The next time Koroks show up is in Breath of the Wild, which takes place thousands of years after Wind Waker’s Link and Zelda go off to found New Hyrule. Koroks now live in the Korok Forest, which is at the heart of the labyrinthine, enchanted Lost Woods. They’ve also evolved so that the vast majority of people either don’t see them at all or simply believe them to be trees. This explains why Koroks revel in playing hide-and-seek with Link for Korok Seeds so much.

How these Koroks came to be in the Korok Forest remains unanswered. Breath of the Wild’s placement on the timeline is still debated, with one theory holding it’s so far in the future that the game unifies all three branches. The events leading to Saria awakening as a Sage do not happen in the Child Timeline, which includes a game suspected to contribute lore to BOTW2: Twilight Princess. It’s unknown whether the absence of a Kokiri Sage would affect the development of Koroks. On the other hand, one Breath of the Wild easter egg ties the game to at least the Adult Timeline.
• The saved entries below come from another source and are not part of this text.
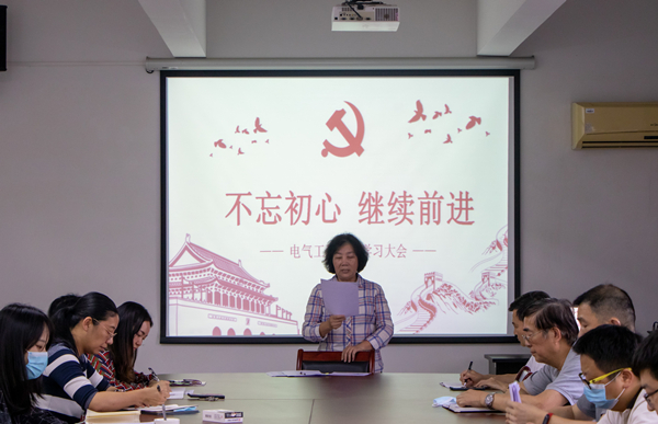 会上,胡惠兰带领大家集中学习了《中国共产党简史》、《中国共产党普通高校基层组织工作条例》、《为人民服务》等部分内容,引导大家牢固树立正确党史观,积极投身高校教育工作,为党育人,为国育才。
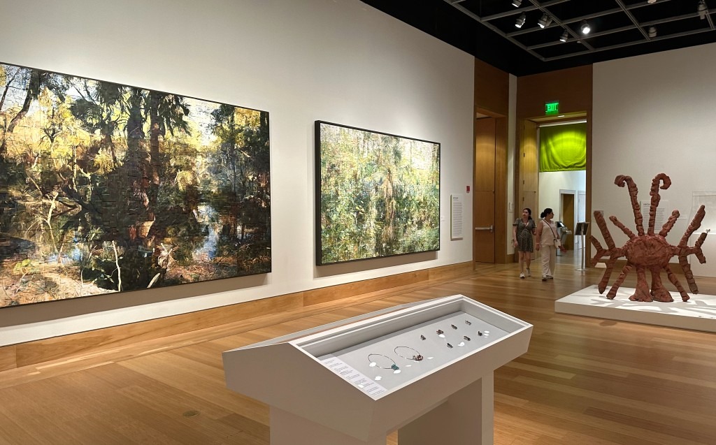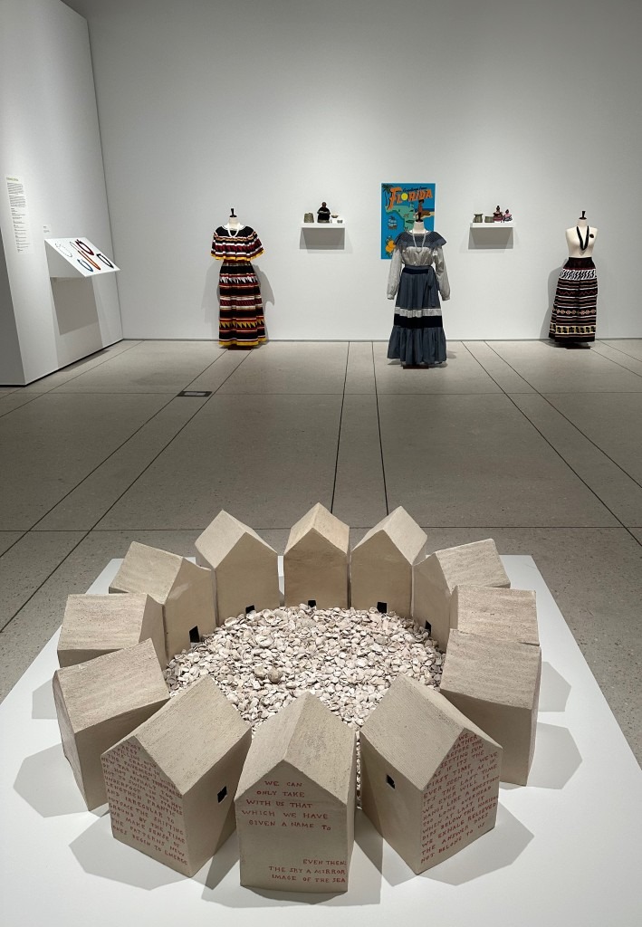 Another jewelry statement is at Tampa Museum of Art (TMA) with Corinne Zepeda’s beaded necklaces, displayed next to traditional outfits and objects expressing her Seminole heritage.
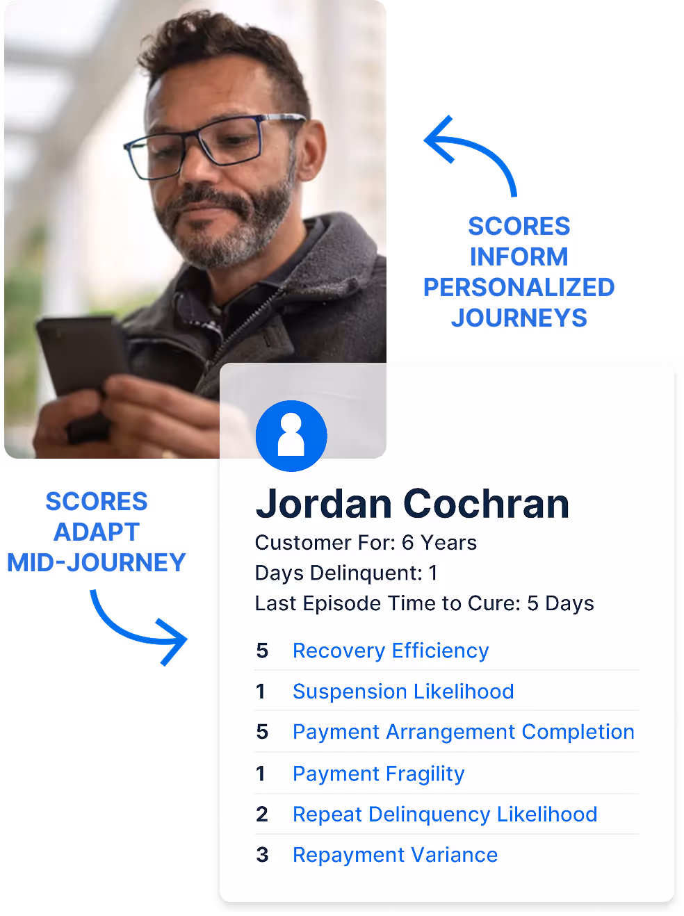 Symend Scores use AI to quantify a customer’s likelihood to repay, relapse, or respond — tracking +100 real-time behavioral and engagement signals to dynamically adjust & maximize results.

Sea salt is said to be the relic of an “ancient sea.”

The fate of the Kokiri in the Child and Fallen Hero timelines is one of the many mysteries of The Legend of Zelda franchise. It’s entirely possible that the Kokiri end up as Koroks on all timelines, albeit for different reasons. The presence of both the Rito and the Zora in BOTW is a related, yet unsolved mystery.